Though the economic policies of “New” Labour were comfortable for the opposition Conservatives, Blair’s social agenda was more challenging. Party opinion divided between those who supported “traditional” Tory values, and a faction, known as “modernisers”, who advocated adopting the Blairite social agenda as well. Theresa May was one of the most prominent “modernisers”, and indeed described her party to its face as “the nasty party”.
The enthronement of David Cameron marked the triumph of this faction, and the accession of Mrs May reinforces the modernisers’ control of the Tory machine. If one single attitude defines the “modernisers”, it is a crusading belief in “equality”, though a cynic might argue that it is an “equality” cleverly defined to exclude equality of wealth and income.
Mrs May has promised to tackle this, and it will be a major achievement if she does.
Essentially, the Conservative “modernisers” decided that, if they couldn’t beat Blairism, they would copy it.
“The future isn’t what it used to be”
Unfortunately, the problem with this combination of economic neoliberalism and social crusading is that it doesn’t work. Of course, the social dimension is a matter of personal opinion, though the rising tide of coercion (including restrictions on free expression) does sit oddly with a so-called “liberal” philosophy.
The economic agenda seemed successful under Blair, but only because his government was presiding over an economic “boom” which amounted to nothing more than the spending of borrowed money. The hollowness of the economy was laid bare in 2008, with massive fiscal deficits, the near-collapse of a bloated banking sector, and a 25% slump in the value of Sterling, to an index weighting of 74.4 at the end of 2008, from 98.3 at the start of the year.
David Cameron, in coalition with the Liberal Democrats, steadied the ship, but didn’t – or rather, couldn’t – fix the holes below the water-line.
For a start, Britain remains massively indebted. “Real economy” debt, at £4.65 trillion or 250% of GDP, may not sound too onerous, but this excludes the financial sector, which adds a further 183% to this ratio, establishing the United Kingdom very firmly in the category of “debt-ravaged economies”. Nor is this all – the British government has massive off-balance-sheet “quasi-debts”, with its commitment to government employee pensions alone standing at about 55% of GDP.
More seriously, the British economy remains addicted to debt, with little or no growth remaining once incremental borrowing is stripped out. Nowhere is this more stark than in the current account, where an enormous deficit – a completely unsustainable 6% of GDP – is bridged by a combination of selling assets and borrowing from overseas, currently at a combined annual rate of £100bn, and rising. Though trade remains in deficit, the big change since 2008 has been in the income part of the equation, where outflows of profits and interest now massively exceed the equivalent sums coming in.
A frightening spiral
This, of course, is a circular equation – the more a country borrows, and sells assets, to meet short-term funding shortfalls, the bigger will the net financial outflow become in the future. The British establishment seems not to have noticed this, but what they lack in economic understanding is compensated by a preternatural determination not to upset public opinion – they are not, then, about to tell the voters to start living within their means.

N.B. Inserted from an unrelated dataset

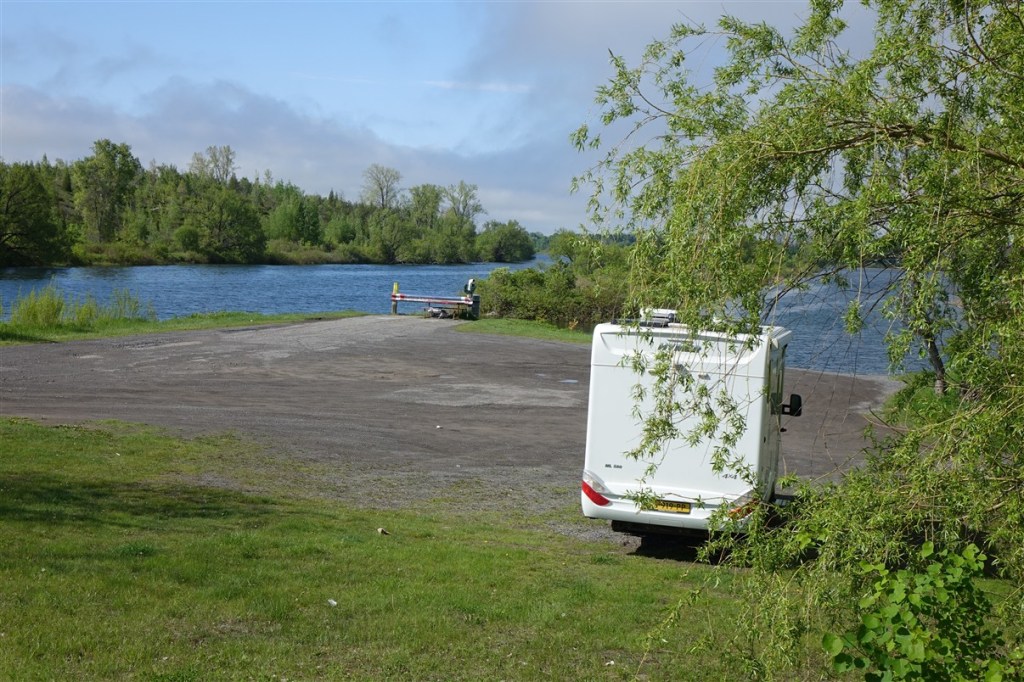 We overnachten bij de Seaway Locks (sluizen) in Iroquoise aan een meertje bij een vissteiger.

A debt-addicted economy tends to use housing finance (as well as consumer credit) as a conduit for pouring more debt into the economy. This has resulted in bloated property values, which are socially distorting as well as detrimental in the sense that the property sector is a nil-return “capital sink”.
Worse still, speculation has increasingly trumped innovation as the route to individual prosperity. If there is a single measure that government needs to implement without delay, it is to rebalance the equation by taxing all short- and medium-term property gains, and using the proceeds to remove the burden of Business Rates from small enterprises. Needless to say, this is completely outside the realm of practical politics.

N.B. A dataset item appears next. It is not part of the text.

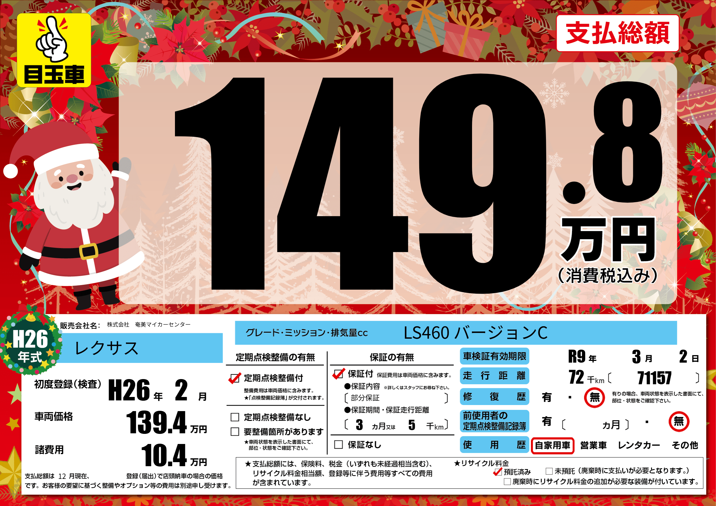 | 車名 | レクサス | グレード ミッション 排気量 |
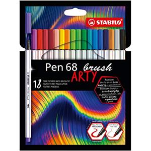 STABILO Pen 68 brush - Pennarello Premium con punta a pennello - ARTY - Astuccio da 18 colori assortiti

Of course, it is perfectly possible for a country to “earn” its way out of such problems, especially when its exchange rate weakens. But Britain has precious little scope for increasing exports, because globally-marketable output (GMO) has fallen steadily, combining shrinkage of manufacturing with the relentless decline in energy production. Energy has been another area of cluelessness on the part of the governing elite, which has done little or nothing to invest effectively in replacement sources of supply. Britain relies on French and Chinese investors to fund its next generation of nuclear power stations, preferring to ear-mark its own resources for schemes like the HS2 rail link, and buying a new nuclear deterrent.
Meanwhile, the use of asset sales and overseas borrowing to bridge a current account deficit requires both that a country is seen as a reliable borrower and that its assets are desirable.
This in turn depends on global confidence in its currency…..
No way out?
Anyway, so much for this intrusion into private grief. With the opposition Labour party divided between Blairites and a resurgent Left, the Conservatives pretty much have the field to themselves. Another pro-EU “moderniser” was exactly what the doctor didn’t order, but Mrs May has the job, and the best that can be done is to wish her luck.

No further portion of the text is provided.